Oh, I agree. It's clearly what Eru had envisioned for them. The Valar seem to have become complacent in their isolated realm of Valinor. They'd captured their brother, there was no reason they couldn't have come back to the rest of the world and restarted what they'd stopped, now with Elvish support. Eventually Men were supposed to show up and the Elves would have needed to return with them to the West anyhow.


----------



## Elthir (Aug 23, 2021)

ZehnWaters said:


> No, according to The Silmarillion any elf who didn't see the light of the Two Trees personally was a Moriquendi. You're thinking of the difference between the Avari and the Eldar.



I'm _guessing_ *Alcuin* was thinking (when he wrote that the "Moriquendi did not include the Sindar") of the description (Quendi And Eldar) in which the Exiles altered their use of _Calaquendi _and _Moriquendi_ -- the former term dropped out of use, except in written Noldorin lore, while _Moriquendi_ was applied to other Elves except the Noldor and Sindar.
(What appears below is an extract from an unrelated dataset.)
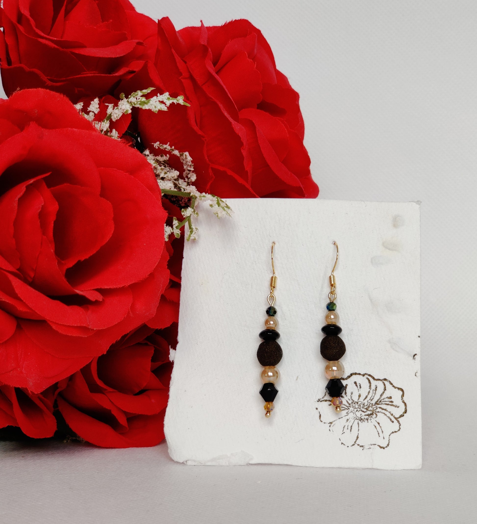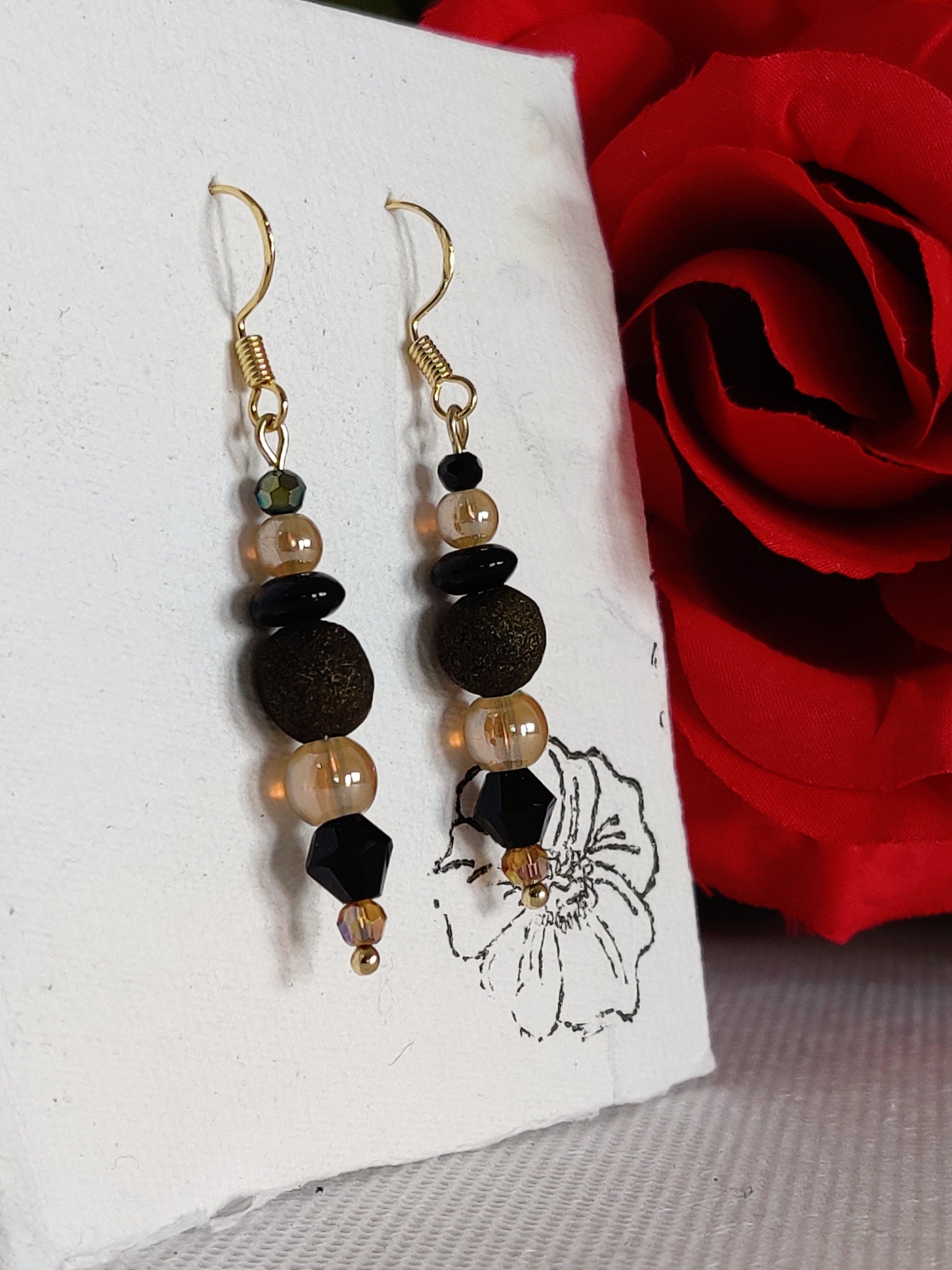 Gold faceted glass beads, black faceted glass beads, gold pearlescent glass beads, black glass spacers, gold shimmer rose beads.

That said, in any case my definition of* Eldar* hails from _The Lord of the Rings_ (author published text), not _Quendi And Eldar_ -- odd though it may seem, given the title and date of the work!

🐾


----------



## Alcuin (Aug 24, 2021)

ZehnWaters said:


> *snort* can you imagine? Some elves wander into a cave and come across the sleeping dwarves. "What is it?" *poking it with a stick*


Well, that would go a long way towards explaining some of the animosity between Dwarves and Elves.


----------



## ZehnWaters (Aug 24, 2021)

Alcuin said:


> Well, that would go a long way towards explaining some of the animosity between Dwarves and Elves.


"Is it an animal?"
"Do animals normally have such long hair on their heads?"


----------